What does this mean to those of us who believe sharing nature is important? Mr. Brady Link, former superintendent in West Kentucky, shared this story with me some time ago and it made me think about our field and sharing nature.
“I used to teach biology,” he told me. “We would take our high school classes to The Land Between the Lakes,” at that time run by the Tennessee Valley Authority, now the US Forest Service. “We provided our freshman a residential, outdoor experience over several days,” he said. “It was something that was hard work, but was well worth the investment of time.” Link said: “Recently I ran into a former student of mine, and she told me how much she remembered my biology class, and our environmental education experience.” Being inquisitive Link asked: “What do you remember most about that time you spent there with our class?” The student replied: “Mr. Link, I just remember how good it was, but I cannot tell you why. It was just a good experience.”
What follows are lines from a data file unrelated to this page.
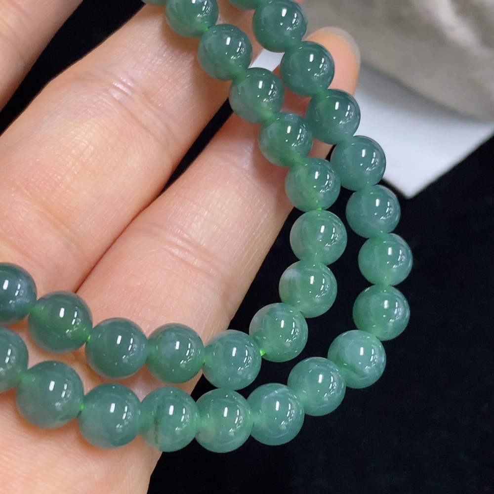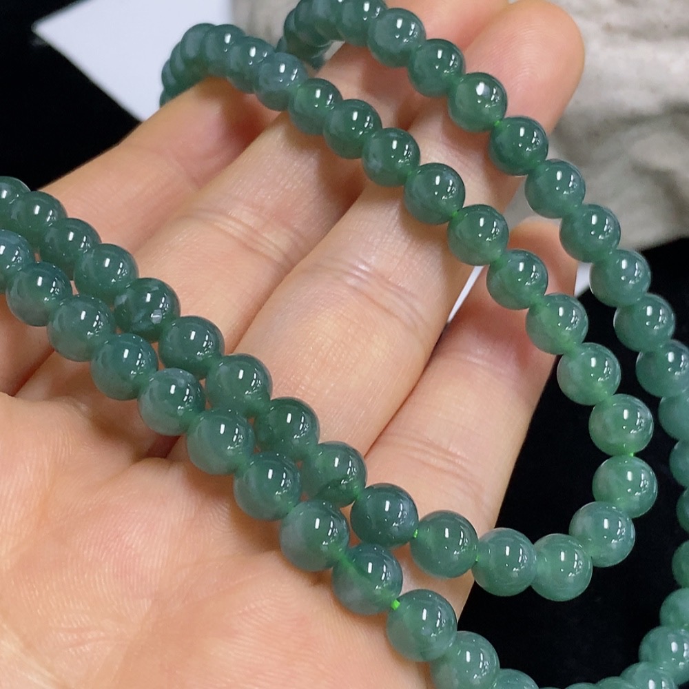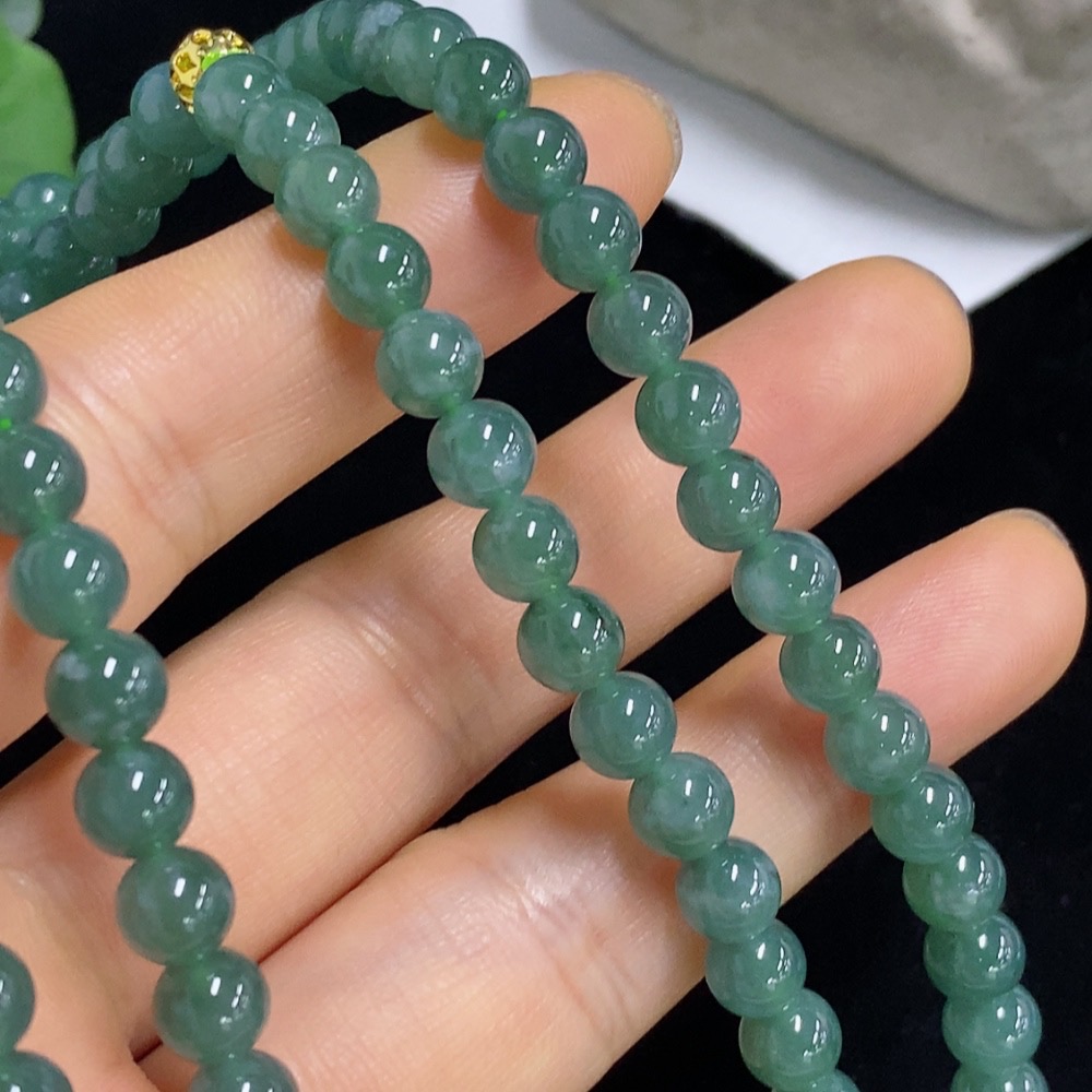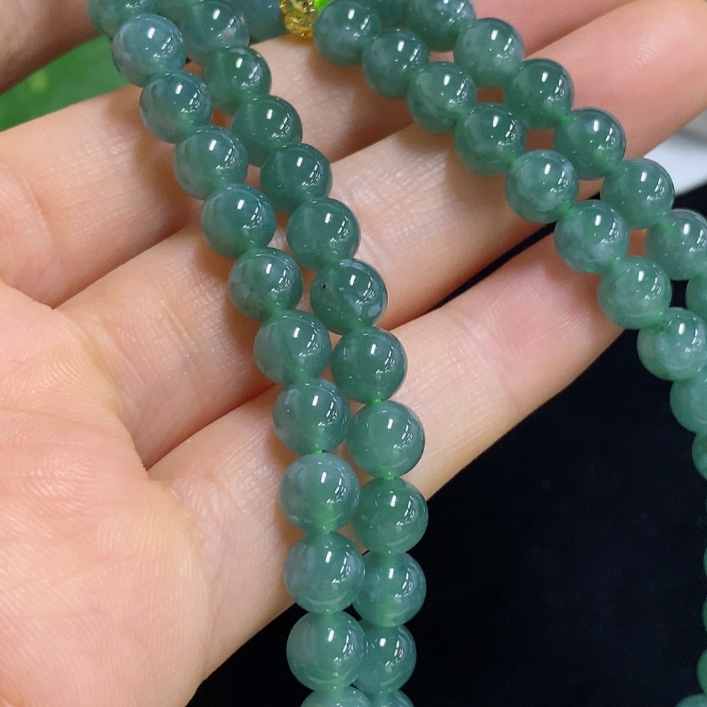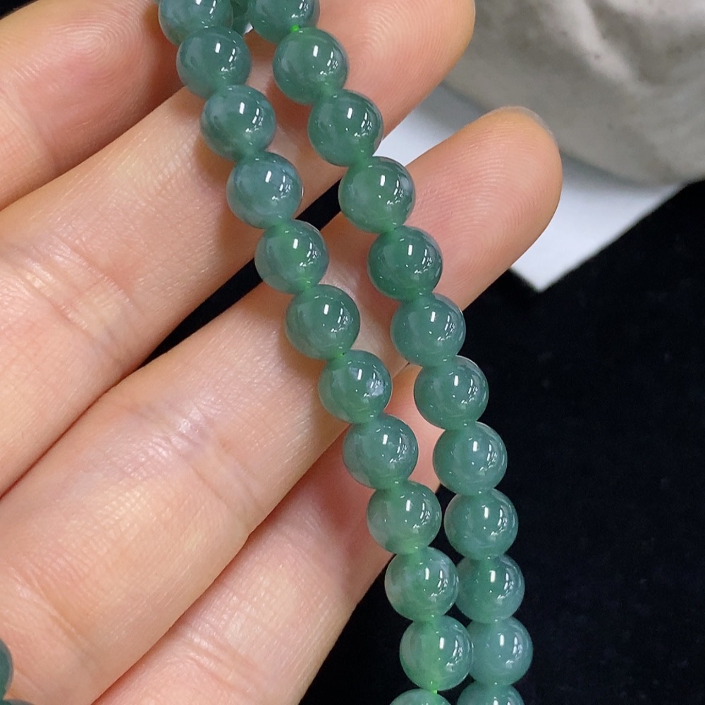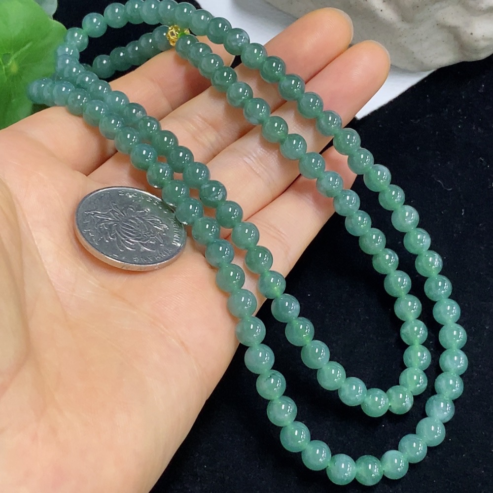 Jadeite Bead Necklace Approx. 6.3mm Non-Gold Total Weight Approx. 47.79g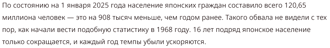>>4438806 Так это глобальный тренд. Тут как говорится, чего на других пинять, когда у самих тоже самое. Ну, может не совсем тоже самое, где-то этот процесс быстрее, где-то медленнее. Тут скорее надо думать, как самому прожить эти самые 15 лет.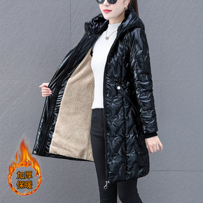 棉衣棉服女中长款冬季新款宽松加绒加厚妈妈装亮面保暖...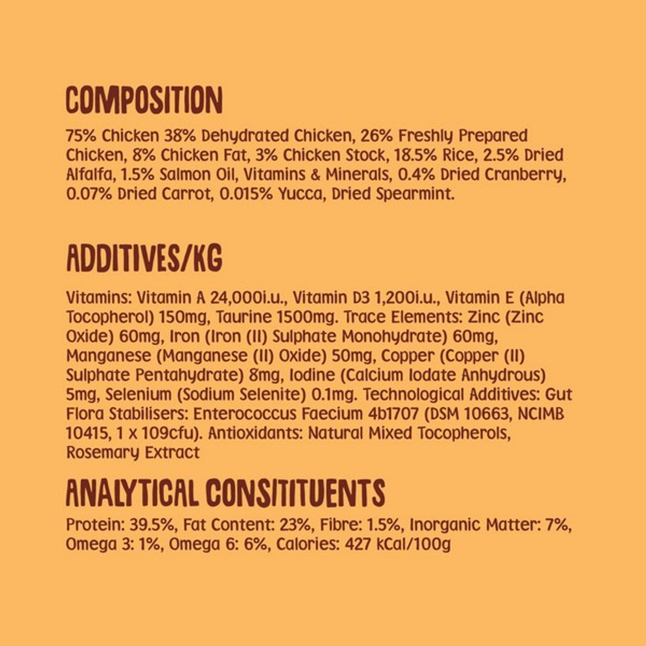 A complete, natural dry food for adult cats with 75% chicken (freshly prepared and dehydrated) for premium protein and easy digestion. Gentle cooking and added probiotics make this recipe gut-friendly and ideal for sensitive stomachs, with no artificial colours, preservatives, added sugar or salt. Balanced with rice, salmon oil, alfalfa, cranberries and essential vitamins and minerals to support skin, coat and overall vitality. Packed in a handy 2.5 kg pouch, this hypoallergenic, UK-made recipe is a purr-fect everyday choice for fussy felines.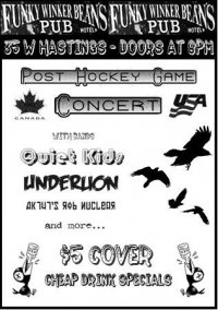 After Canada kicks the crap out of the USA in Mens Hockey, come down with your buzz on for some cheap drinks, good music, and high energy canadian celebrations with Quiet Kids, Underlion, AK747's Rob Nuclear and The Furniture.

Mr. Link told me this story with some regret because his student could not come up with superlatives that were specific. Then he reflected: “ I suppose it had value that she remembered it and that should be enough.”
Sharing nature with others is a foundational experience, an essential one for providing a sense of connection, not only to the natural world, but also to one another. As environmental educators try to do things to be accepted, to seek funding, we try to be like other fields, and oft times we miss the very value we bring to young and old alike. We have a niche that is essential to making sense out of a world that is specialized and disconnected.
Sharing nature is a beginning point that we know through the eyes of young people, the sounds we hear from those we take outdoors, the sense we get, that like Mr. Link’s Biology student, “…..I remember how good it was, but I cannot tell you why.” As Rachel Carson put it in The Sense of Wonder, “It is not half so important to know as to feel.”
Sharing nature today is more important than ever to bring us a sense of how interrelated we are to one another. The need for us to make connections to the natural world and to each other seems a fitting thing in these times because it is good for us, because it makes us think outside of ourselves, and it makes us stop and feel and ponder.
By sharing nature we will provide an opportunity for others to wonder about how interconnected and interdependent we are to all living things and to each other.